■ DIRECTIONS FOR THIS TASK ■
Range to copy from the entries below: the line containing "1. The Governor" through the line containing "Lehká tmavomodrá kožená", inclusive. Retype only those lines, exactly, without any images.

■ SUPPLIED MATERIAL ■
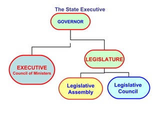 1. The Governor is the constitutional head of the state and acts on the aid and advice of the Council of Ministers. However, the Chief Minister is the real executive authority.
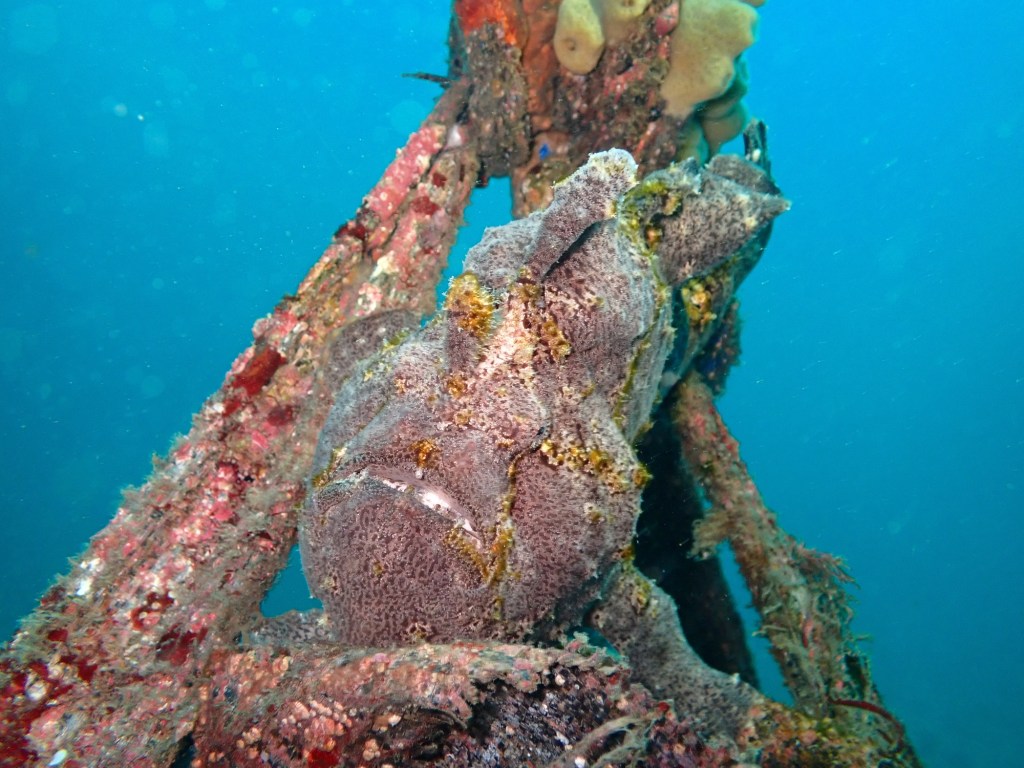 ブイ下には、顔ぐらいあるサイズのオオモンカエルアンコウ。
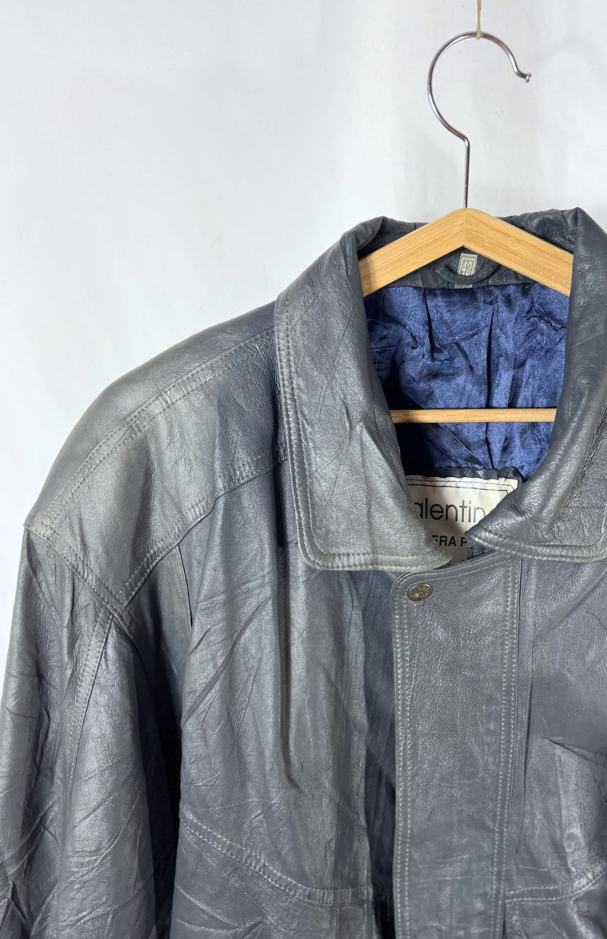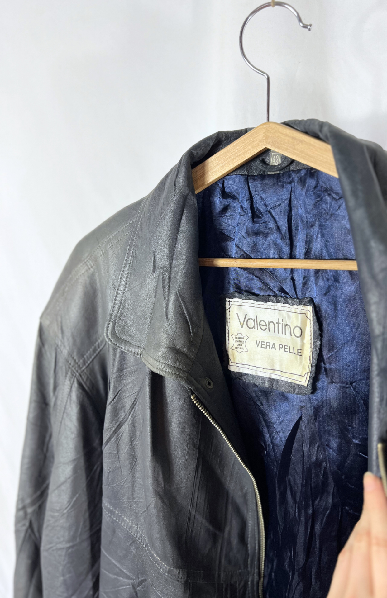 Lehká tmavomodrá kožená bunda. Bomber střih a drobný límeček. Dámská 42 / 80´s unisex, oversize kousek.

...

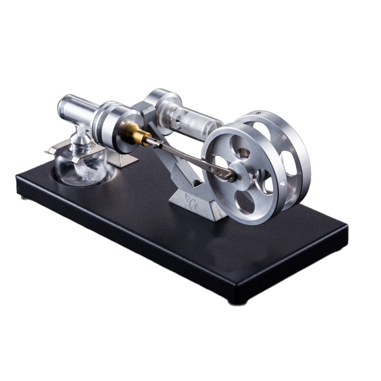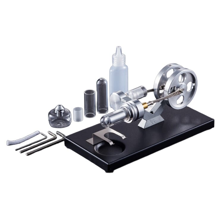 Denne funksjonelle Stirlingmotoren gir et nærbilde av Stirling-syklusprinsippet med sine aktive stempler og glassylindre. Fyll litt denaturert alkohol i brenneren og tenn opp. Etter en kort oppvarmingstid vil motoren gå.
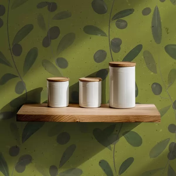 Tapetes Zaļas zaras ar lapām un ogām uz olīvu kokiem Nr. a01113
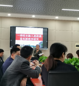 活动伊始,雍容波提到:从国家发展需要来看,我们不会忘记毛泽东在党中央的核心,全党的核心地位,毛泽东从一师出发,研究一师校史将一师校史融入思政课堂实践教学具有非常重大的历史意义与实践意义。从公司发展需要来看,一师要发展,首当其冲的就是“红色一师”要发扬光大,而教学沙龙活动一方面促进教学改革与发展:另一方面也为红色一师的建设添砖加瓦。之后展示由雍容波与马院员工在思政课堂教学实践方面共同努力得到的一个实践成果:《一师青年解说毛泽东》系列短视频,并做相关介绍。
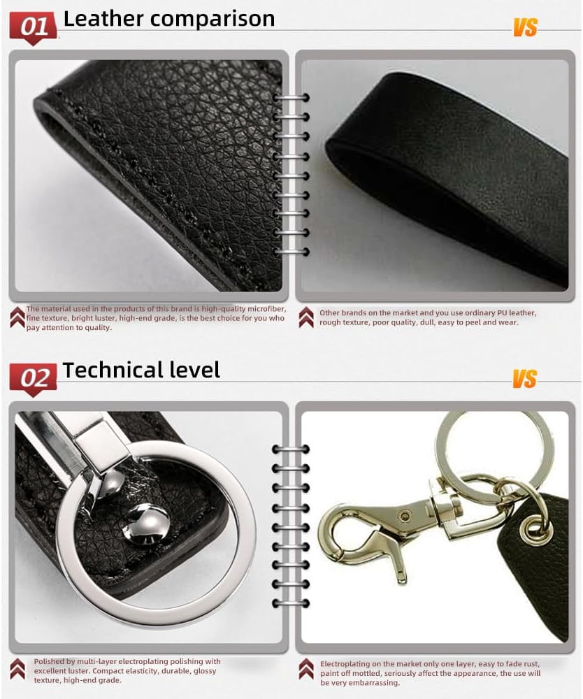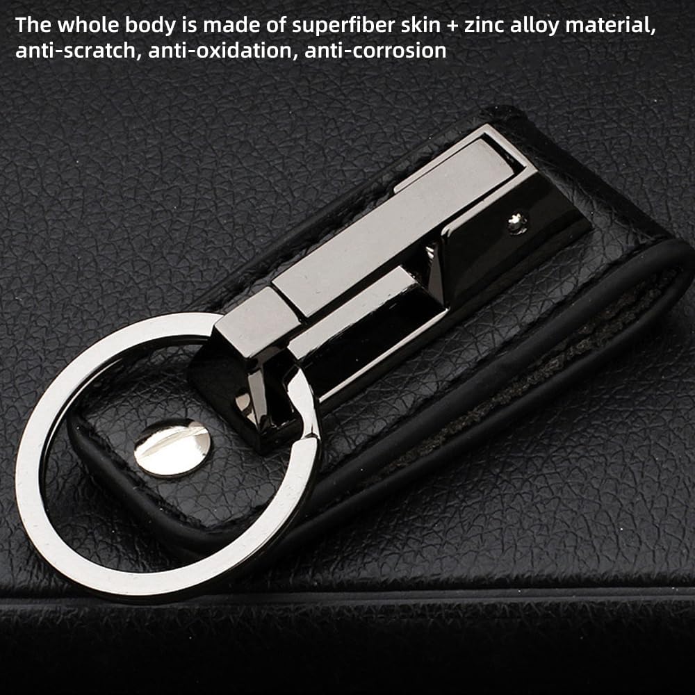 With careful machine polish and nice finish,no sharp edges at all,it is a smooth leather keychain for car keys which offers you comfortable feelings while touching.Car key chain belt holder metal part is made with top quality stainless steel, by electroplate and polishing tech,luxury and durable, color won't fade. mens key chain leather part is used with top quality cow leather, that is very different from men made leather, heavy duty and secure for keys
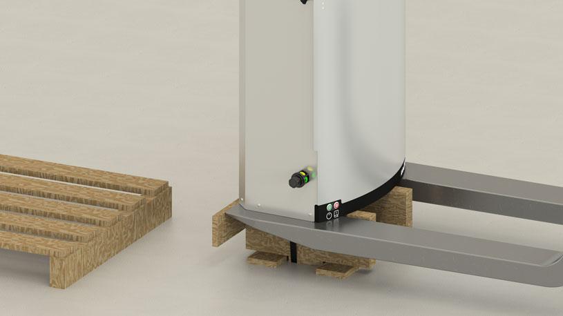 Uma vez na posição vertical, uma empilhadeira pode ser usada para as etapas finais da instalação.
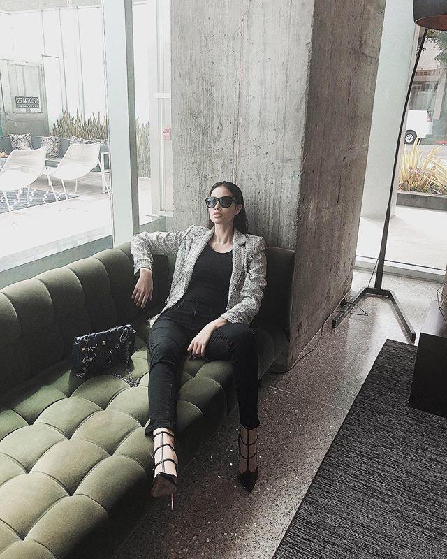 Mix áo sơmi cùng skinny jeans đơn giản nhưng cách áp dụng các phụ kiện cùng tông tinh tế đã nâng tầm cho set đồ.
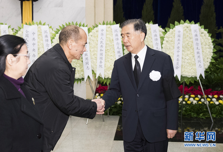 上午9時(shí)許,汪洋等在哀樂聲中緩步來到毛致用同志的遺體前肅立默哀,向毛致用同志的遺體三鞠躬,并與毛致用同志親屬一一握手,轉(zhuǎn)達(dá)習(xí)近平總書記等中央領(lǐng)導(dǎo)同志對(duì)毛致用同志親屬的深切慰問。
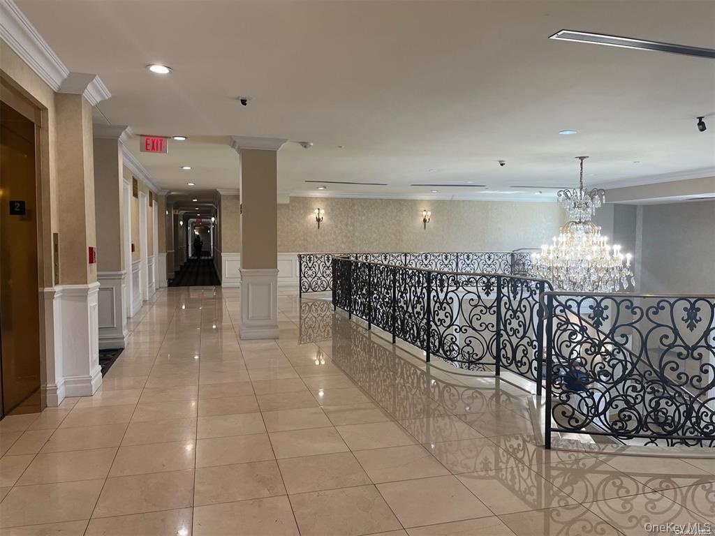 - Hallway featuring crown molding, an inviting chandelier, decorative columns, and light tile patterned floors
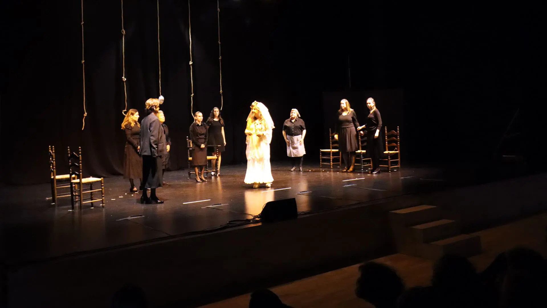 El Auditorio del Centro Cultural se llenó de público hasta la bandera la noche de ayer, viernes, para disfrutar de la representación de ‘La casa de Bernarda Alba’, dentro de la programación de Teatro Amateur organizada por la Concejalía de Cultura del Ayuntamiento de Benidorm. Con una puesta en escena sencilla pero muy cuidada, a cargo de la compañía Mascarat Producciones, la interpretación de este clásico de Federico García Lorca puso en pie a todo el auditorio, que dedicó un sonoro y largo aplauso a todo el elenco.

■ RESPONSE ■
 1. The Governor is the constitutional head of the state and acts on the aid and advice of the Council of Ministers. However, the Chief Minister is the real executive authority.
 ブイ下には、顔ぐらいあるサイズのオオモンカエルアンコウ。
 Lehká tmavomodrá kožená bunda. Bomber střih a drobný límeček. Dámská 42 / 80´s unisex, oversize kousek.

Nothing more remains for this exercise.